While the rally in GBP/USD following the release of U.K. September CPI data faded, the pair has caught a bid and is now trading near the highs of the session near 1.2280, up 0.80% over Monday’s N.Y. close. The move higher appears in reaction to headlines noting that a U.K. government lawyer stated that U.K. parliament will “very likely” have to ratify agreement with EU when the country exits the bloc. And that EU and Britain could agree that any deal would come into effect without parliamentary approval.

As a result of today’s move higher, first resistance at 1.2325, the high of the mediocre rebound attempt following the establishment of the October 11th closing low, is now in focus. A sustained break above this level is required to turn the short term trend in the pair higher. The next level to watch as potential resistance on a move above 1.2325 is 1.2517, which represents a 38.2% retracement of the decline from the early September high. The pair is currently testing the 23.6% retracement level. Key resistance does not come into play until the 1.28 level.

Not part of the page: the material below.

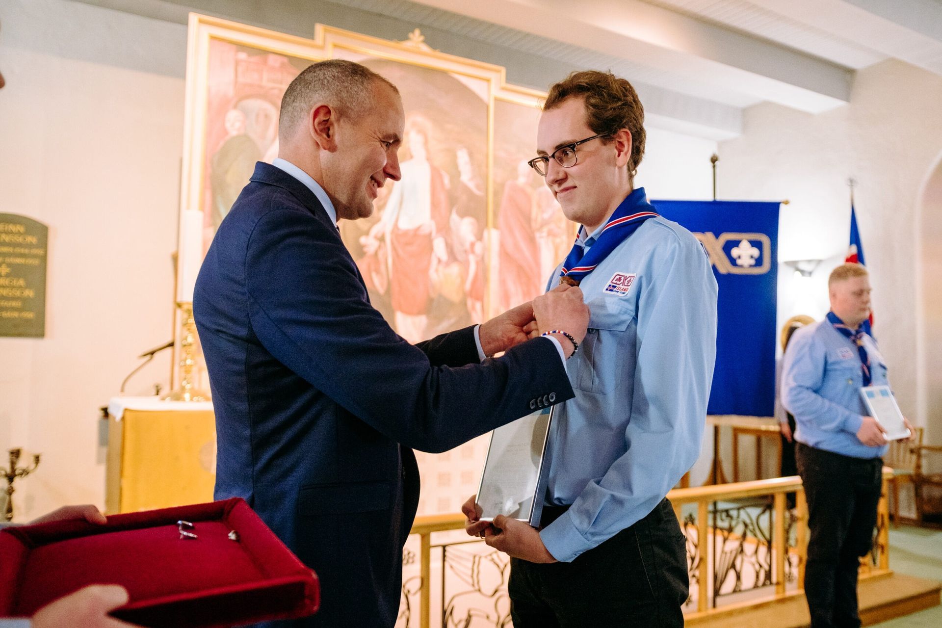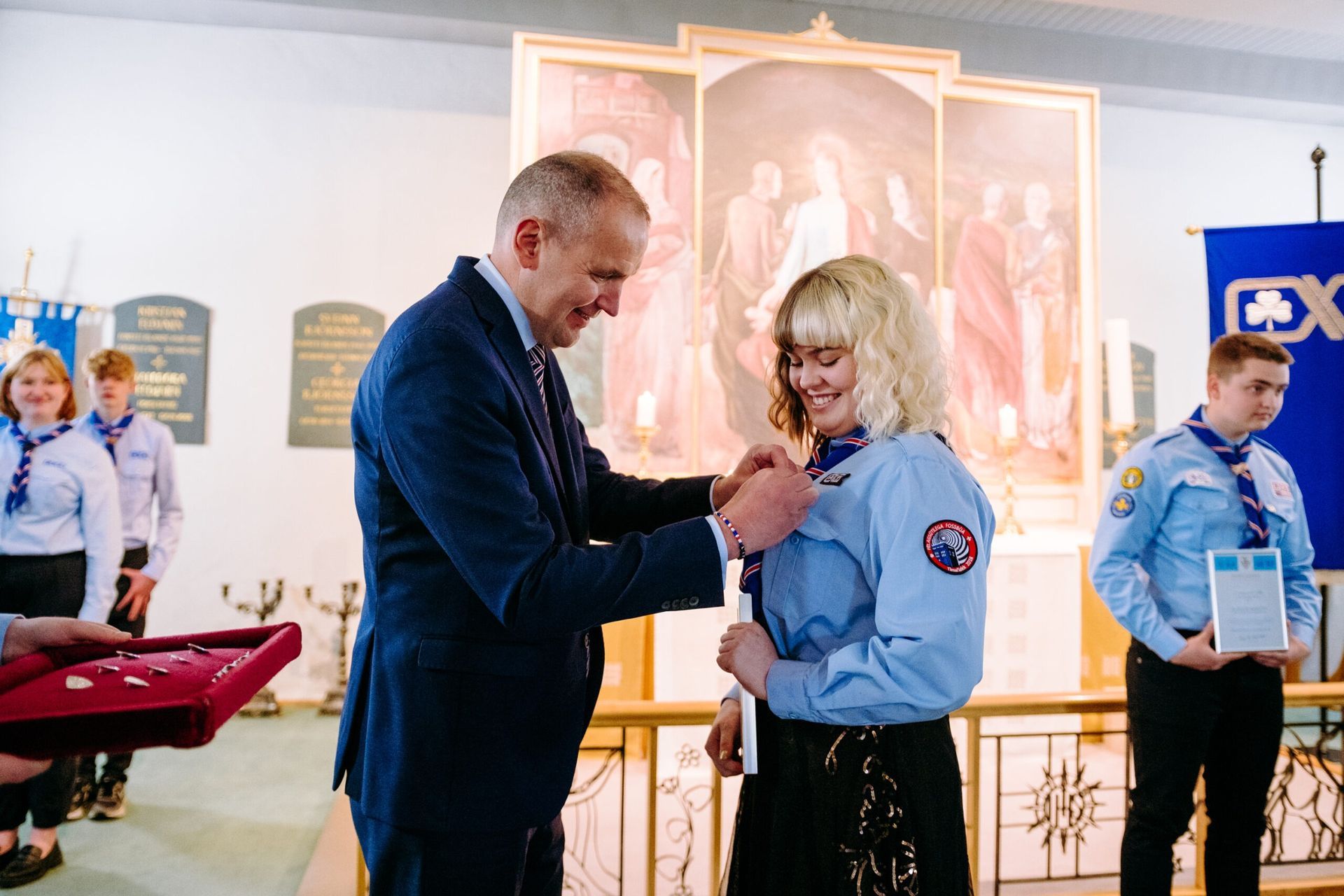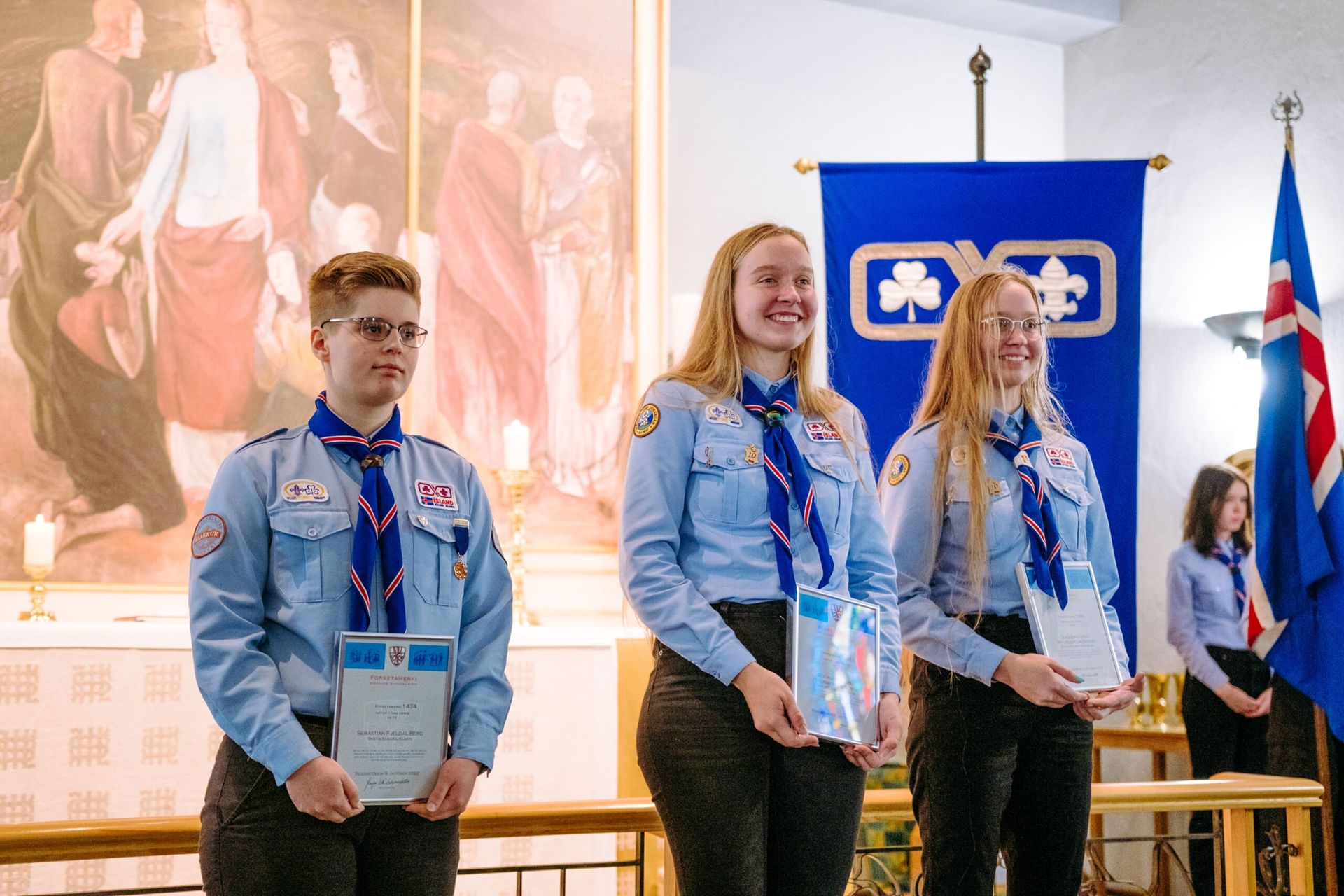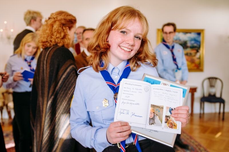 Að lokinni afhendingu var haldið til Bessastaðastofu þar sem skátahöfðingi sagði nokkur orð áður en boðið var upp á veitingar.

With the pair vulnerable to wide swings in reaction to headlines surrounding Brexit, rally attempts appear particularly fragile and any near term buying holds a high degree of risk. Should the current rally attempt fail, near term support is at the lower boundary of a trading range formed on the 15-minute chart near the 1.2220 level. A drop below the bottom of this trading range leaves the next short term downside target at the 1.22 handle, followed by 1.2170.

On the daily chart, the pair continues to hold in a narrow consolidation phase, which has been intact since the October 11 closing low was established. Support on the daily chart comes into play at the October 11/12 lows at the 1.2115/1.2089 zone, followed by the low of the October 7 flash crash at 1.1950. This level is given added reinforcement by the psychologically important 1.20 handle. Below this area, support in the pair is lacking. With the longer term trend down and a lack of support other than the recent established lows, the coming months have the potential to be rough for the pair, suggesting rally attempts appear best used as selling opportunities until signs of a sustained bottom begin to emerge. No such signs are currently present.

U.K. CPI was essentially a non-event for GBP/USD, as the pair initially spiked higher, but failed to maintain the gain. U.K. consumer prices increased 0.2% in September, which lifted the year-over-year reading to 1.0% from 0.6%. This represents a 22-month high and was slightly above the expected annualized rate of 0.9%. The core annual inflation rate also increased to the highest level for two years at 1.5% from 1.3% and was also above the expected rate of 1.4%. There was an increase in the RPI inflation rate to 2.0% from 1.8%.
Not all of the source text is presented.